What you are asked to do.
Would you reproduce the whole listing exactly, minus its images?

Provided data.
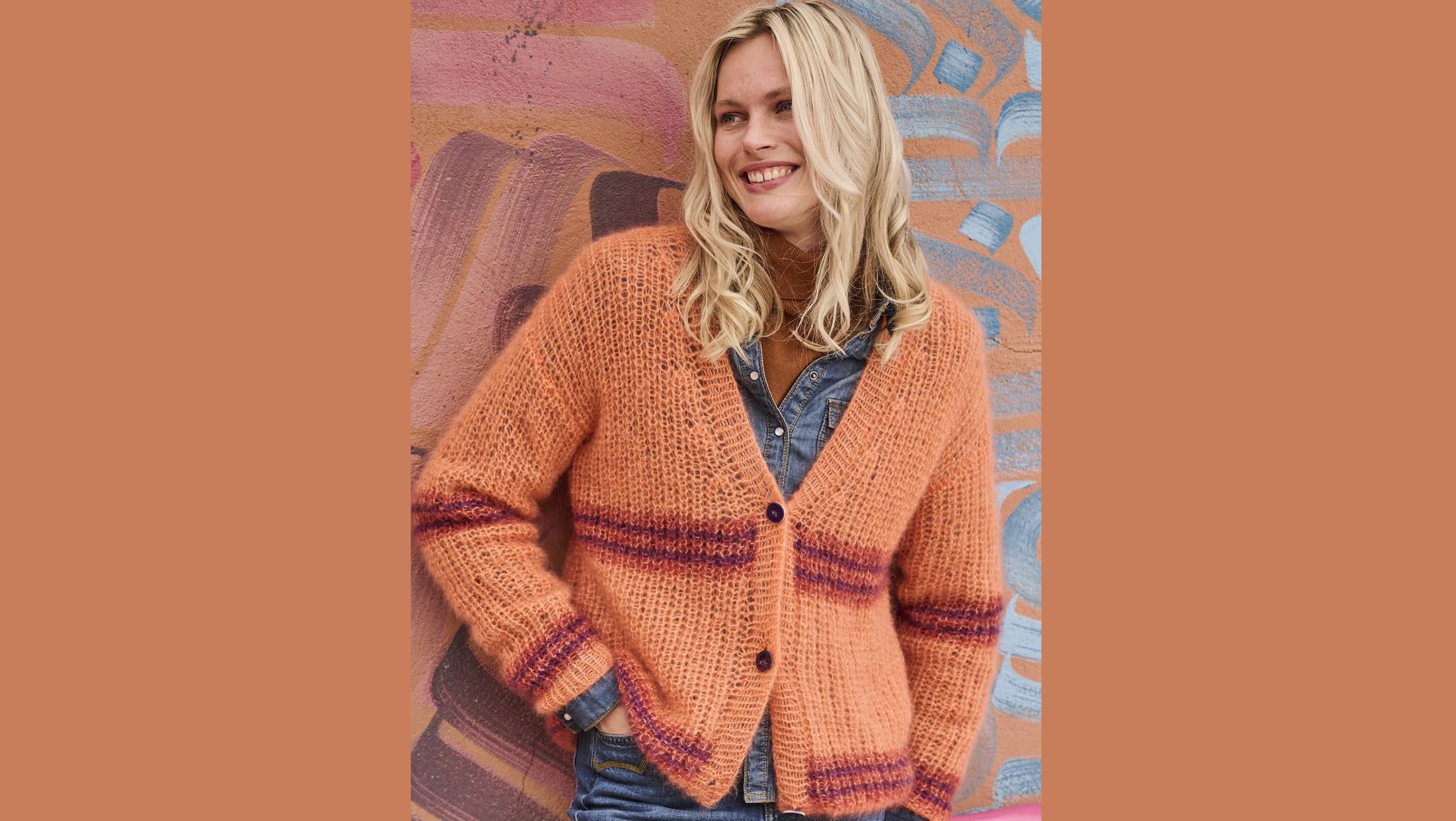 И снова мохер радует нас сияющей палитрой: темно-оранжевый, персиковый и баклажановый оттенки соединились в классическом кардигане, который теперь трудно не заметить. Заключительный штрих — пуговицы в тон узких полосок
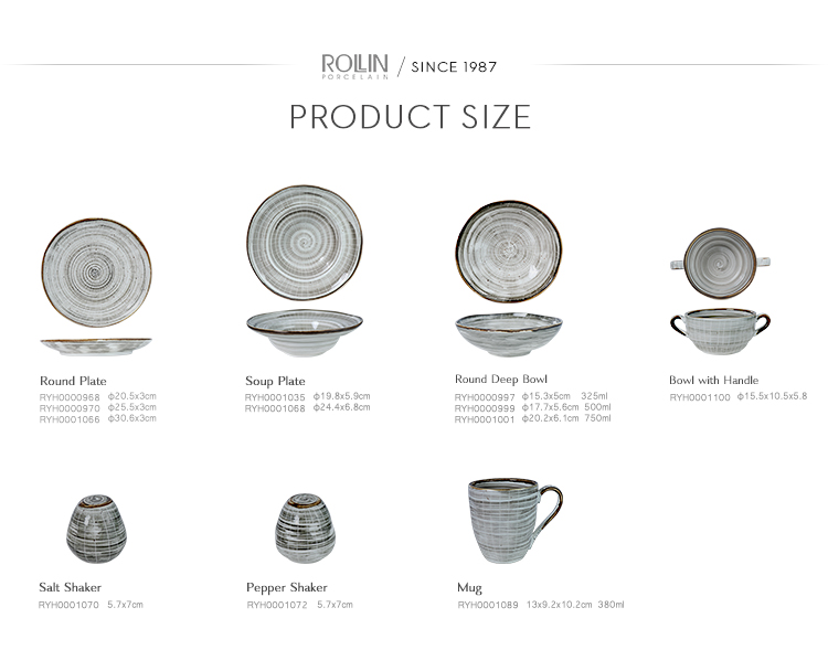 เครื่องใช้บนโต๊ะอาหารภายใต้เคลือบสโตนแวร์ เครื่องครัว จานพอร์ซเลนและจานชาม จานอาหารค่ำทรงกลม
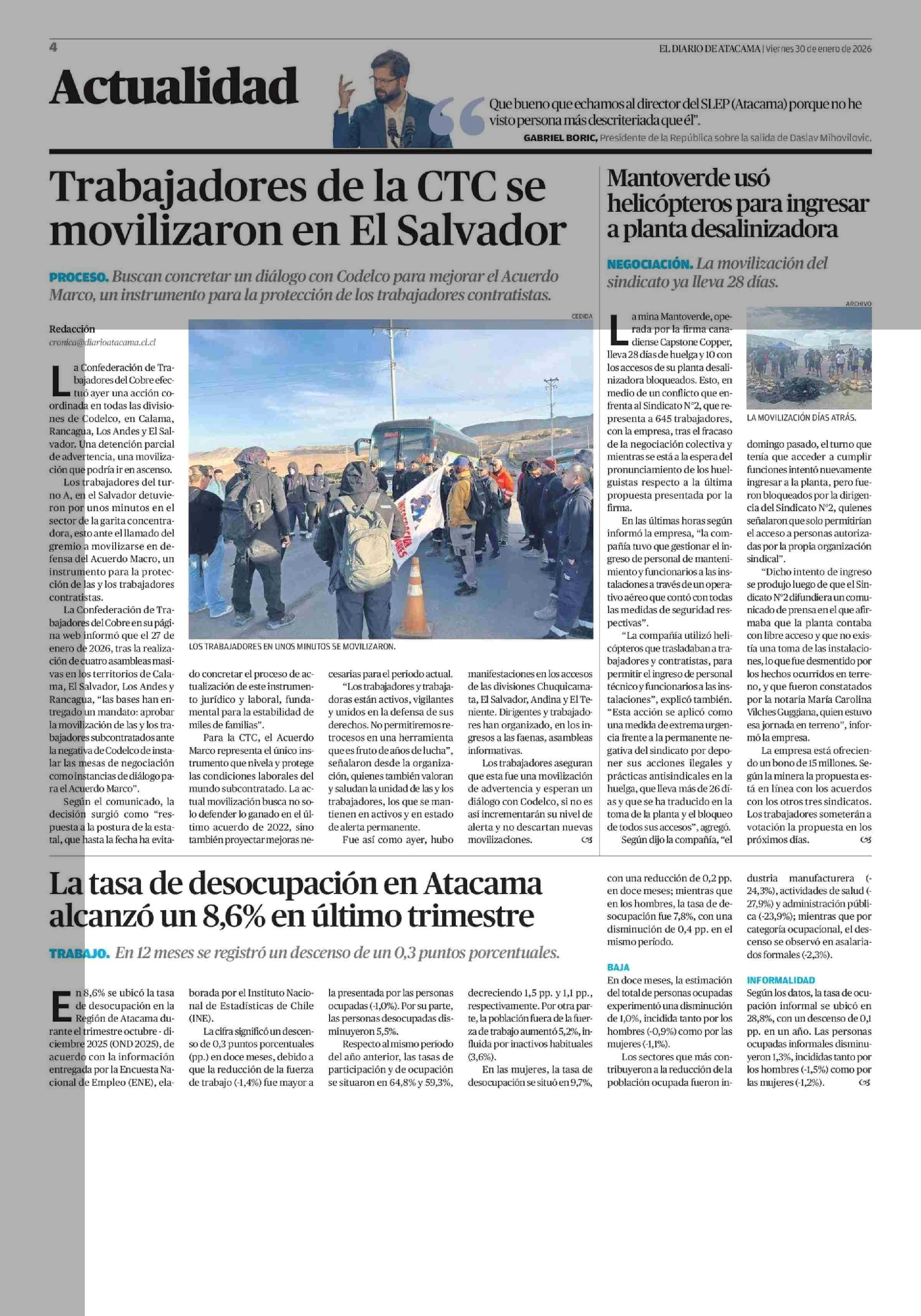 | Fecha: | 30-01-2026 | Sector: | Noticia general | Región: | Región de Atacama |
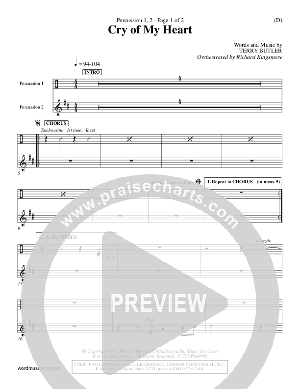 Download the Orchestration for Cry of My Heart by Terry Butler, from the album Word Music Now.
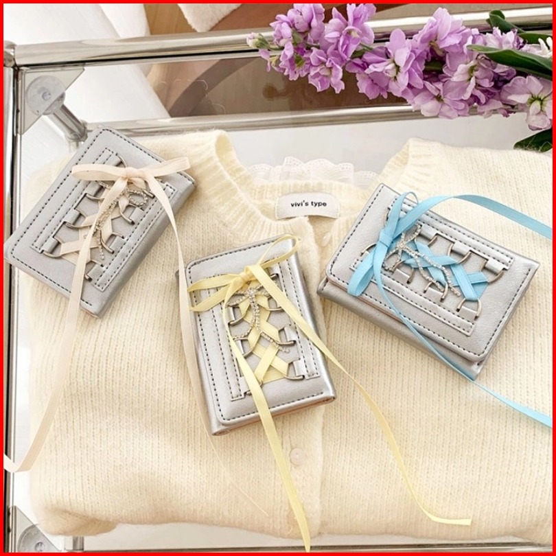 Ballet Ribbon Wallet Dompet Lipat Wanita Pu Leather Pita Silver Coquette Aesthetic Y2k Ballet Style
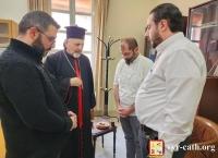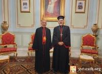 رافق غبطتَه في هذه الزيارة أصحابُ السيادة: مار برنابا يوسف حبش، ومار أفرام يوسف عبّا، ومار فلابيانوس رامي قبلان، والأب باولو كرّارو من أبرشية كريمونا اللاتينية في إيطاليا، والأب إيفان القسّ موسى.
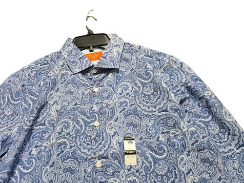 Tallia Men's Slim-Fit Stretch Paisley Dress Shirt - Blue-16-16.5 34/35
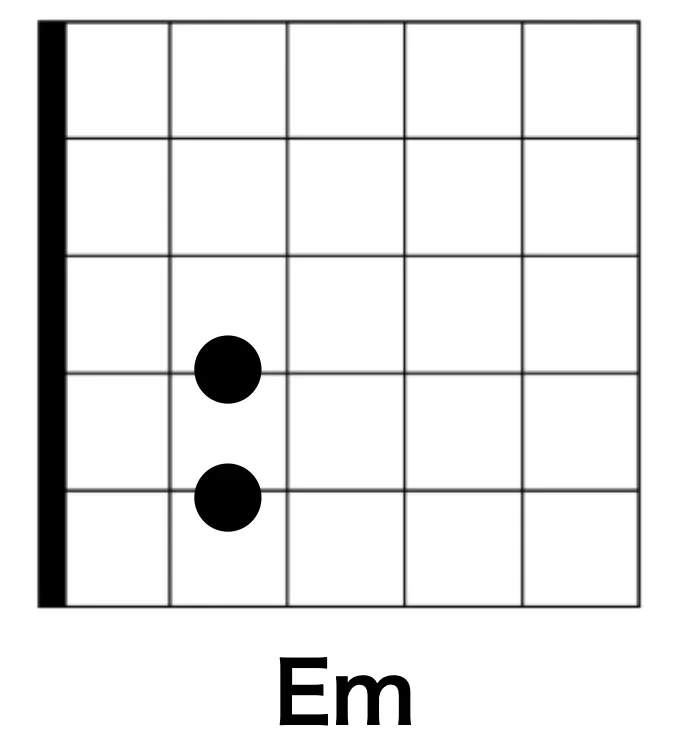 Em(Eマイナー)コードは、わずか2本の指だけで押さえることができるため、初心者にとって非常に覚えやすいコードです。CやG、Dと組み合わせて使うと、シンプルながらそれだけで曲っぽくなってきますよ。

Written answer.
 И снова мохер радует нас сияющей палитрой: темно-оранжевый, персиковый и баклажановый оттенки соединились в классическом кардигане, который теперь трудно не заметить. Заключительный штрих — пуговицы в тон узких полосок
 เครื่องใช้บนโต๊ะอาหารภายใต้เคลือบสโตนแวร์ เครื่องครัว จานพอร์ซเลนและจานชาม จานอาหารค่ำทรงกลม
 | Fecha: | 30-01-2026 | Sector: | Noticia general | Región: | Región de Atacama |
 Download the Orchestration for Cry of My Heart by Terry Butler, from the album Word Music Now.
 Ballet Ribbon Wallet Dompet Lipat Wanita Pu Leather Pita Silver Coquette Aesthetic Y2k Ballet Style
 رافق غبطتَه في هذه الزيارة أصحابُ السيادة: مار برنابا يوسف حبش، ومار أفرام يوسف عبّا، ومار فلابيانوس رامي قبلان، والأب باولو كرّارو من أبرشية كريمونا اللاتينية في إيطاليا، والأب إيفان القسّ موسى.
 Tallia Men's Slim-Fit Stretch Paisley Dress Shirt - Blue-16-16.5 34/35
 Em(Eマイナー)コードは、わずか2本の指だけで押さえることができるため、初心者にとって非常に覚えやすいコードです。CやG、Dと組み合わせて使うと、シンプルながらそれだけで曲っぽくなってきますよ。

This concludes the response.